== Given data
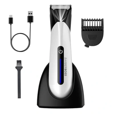BarberBoss Men’s Body Trimmer, Waterproof Groin & Ball Groomer, Skin Safe Ceramic Blade Hair Adjustable Comb, USB Charging Stand LED Light, Male Hygiene Trimmer
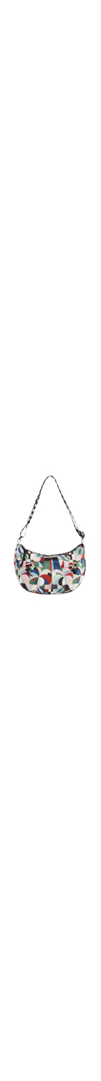A bolsa branco é produzida em nylon. A peça possui tamanho pequeno, formato de lua, compartimento interno, bolso frontal embutido, tag emborrachada da marca aplicada na parte frontal, aça longa fixa regulável, mix de estampas em cores contrastantes e fechamento superior por zíper.
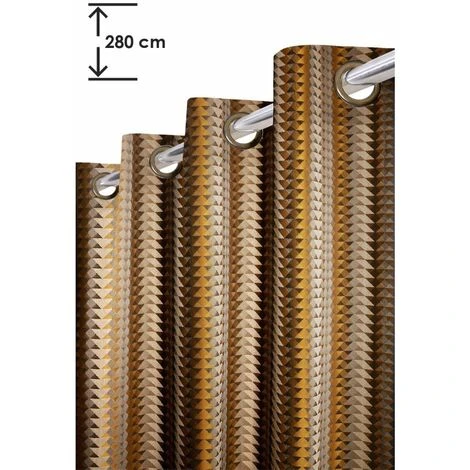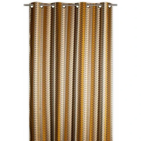Rideau tamisant 135 x 280 cm à oeillets dorés patinés jacquard éditeur motif géométrique brun. Changez votre habillage fenêtres actuel pour ce somptueux rideau jacquard éditeur au motif exclusif et unique. Série Limitée.
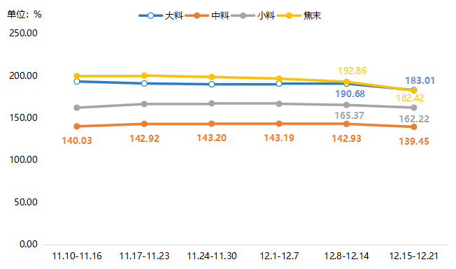 细分产品中价格指数均有不同程度下跌。具体来看,大料、焦末价格指数降幅较大,本期指数分别为183.01点、182.42点,环比分别下降4.02%、5.41%;中料、小料价格指数降幅相对较小,分别为2.43%、1.90%。
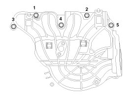 - When installing the intake manifold, tighten the bolts and nuts with pre-torque first, and then tighten the bolts and nuts with specified torque in the sequence shown.
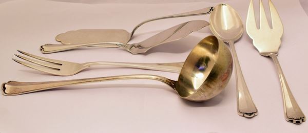 caffè , 6 piccole forchette, 1 romaiolo, 2 posate pesce, 2 posate da portata, paletta
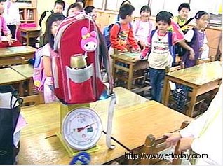 小女生提起書包好沉重,里頭到底裝了些什么呀?學校課本7、8本加上安親班作業,教室里每個小朋友的書包平均都超過5公斤,放不下才藝班課本,只還裝在另一個手提袋里,三十多公斤的孩子,等于每天背著六分之一重的自己上學去。
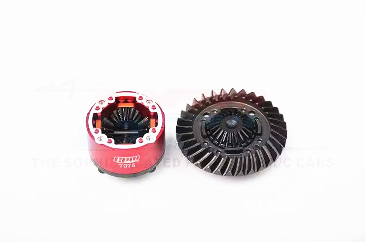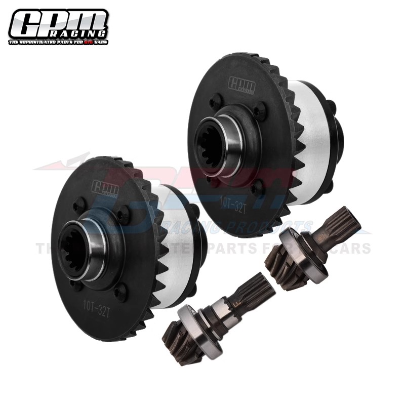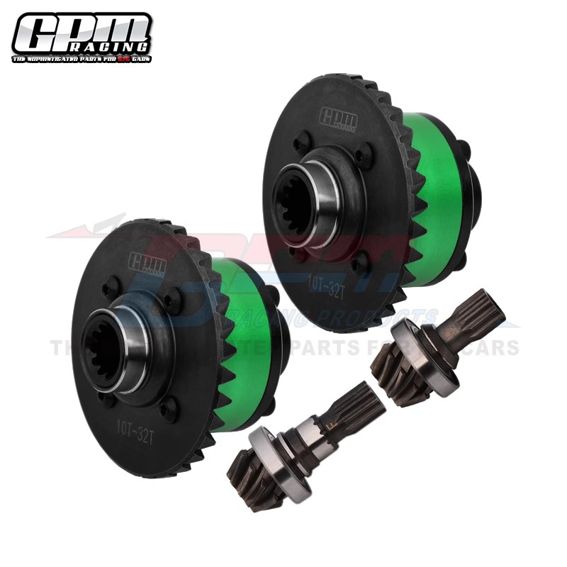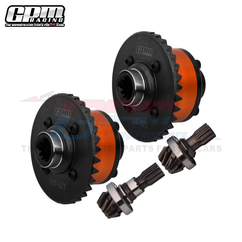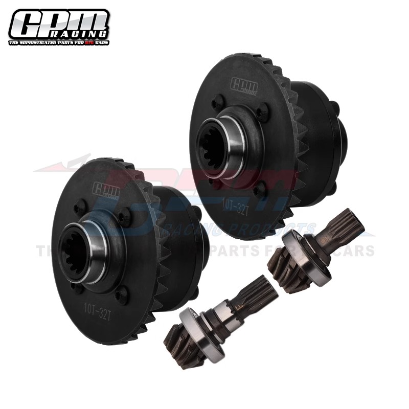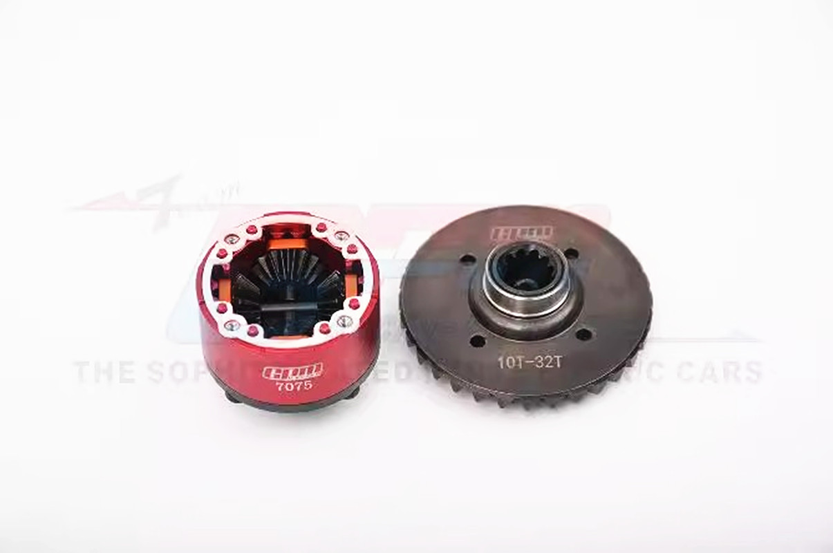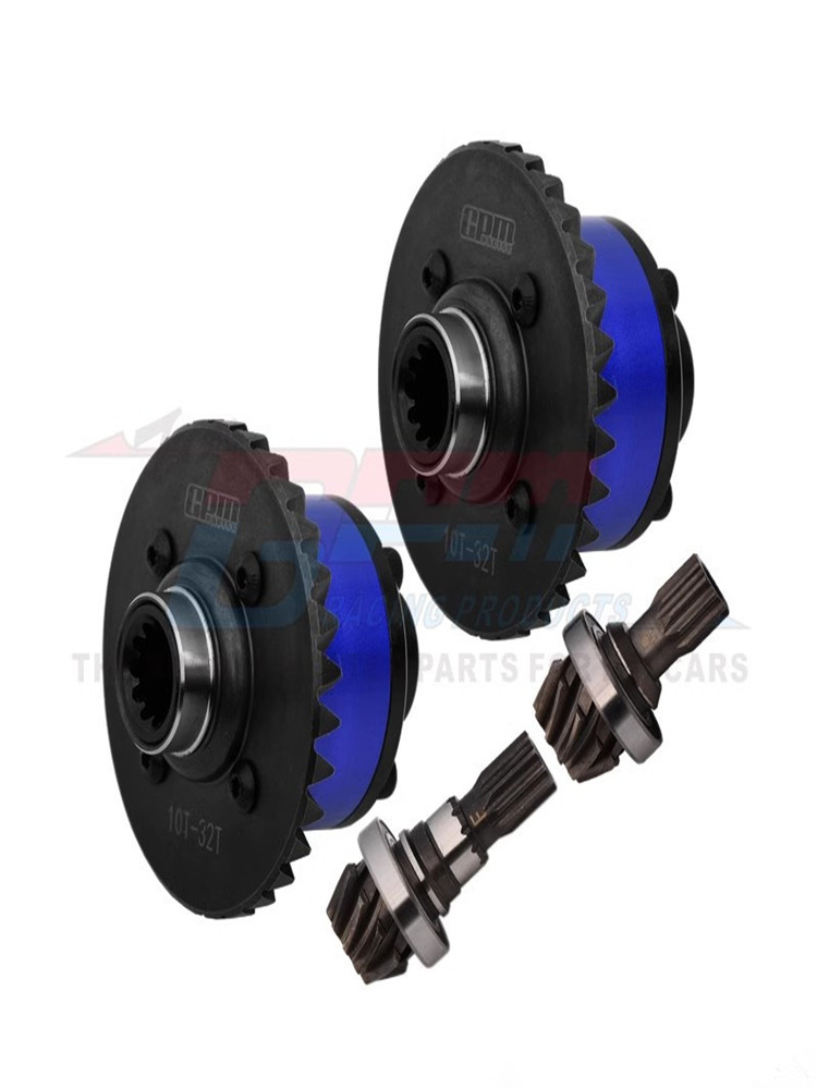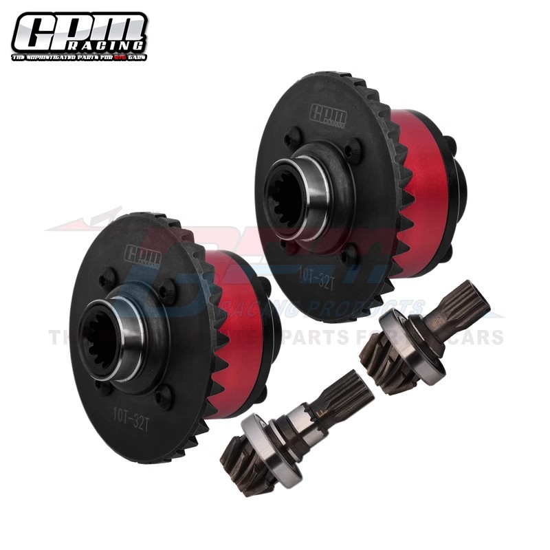 Fully assembled front and rear differentials ready for installation in your 8S X-Maxx or XRT. Complete set includes: Medium carbon alloy steel differential pinion gear 32T/M1.6 module, front and rear 10T pinion gears with 15x24x5 bearings, Differential gear set, medium carbon steel + 7075 aluminium alloy front differential case, 7075 aluminium alloy differential gear spacers, cross pinion shaft, differential case seal
====
Set down word for word the lines beginning with the one containing "小女生提起書包好沉重,里頭到" and ending with the last line of the listing, inclusive. Omit every picture.

 小女生提起書包好沉重,里頭到底裝了些什么呀?學校課本7、8本加上安親班作業,教室里每個小朋友的書包平均都超過5公斤,放不下才藝班課本,只還裝在另一個手提袋里,三十多公斤的孩子,等于每天背著六分之一重的自己上學去。
 Fully assembled front and rear differentials ready for installation in your 8S X-Maxx or XRT. Complete set includes: Medium carbon alloy steel differential pinion gear 32T/M1.6 module, front and rear 10T pinion gears with 15x24x5 bearings, Differential gear set, medium carbon steel + 7075 aluminium alloy front differential case, 7075 aluminium alloy differential gear spacers, cross pinion shaft, differential case seal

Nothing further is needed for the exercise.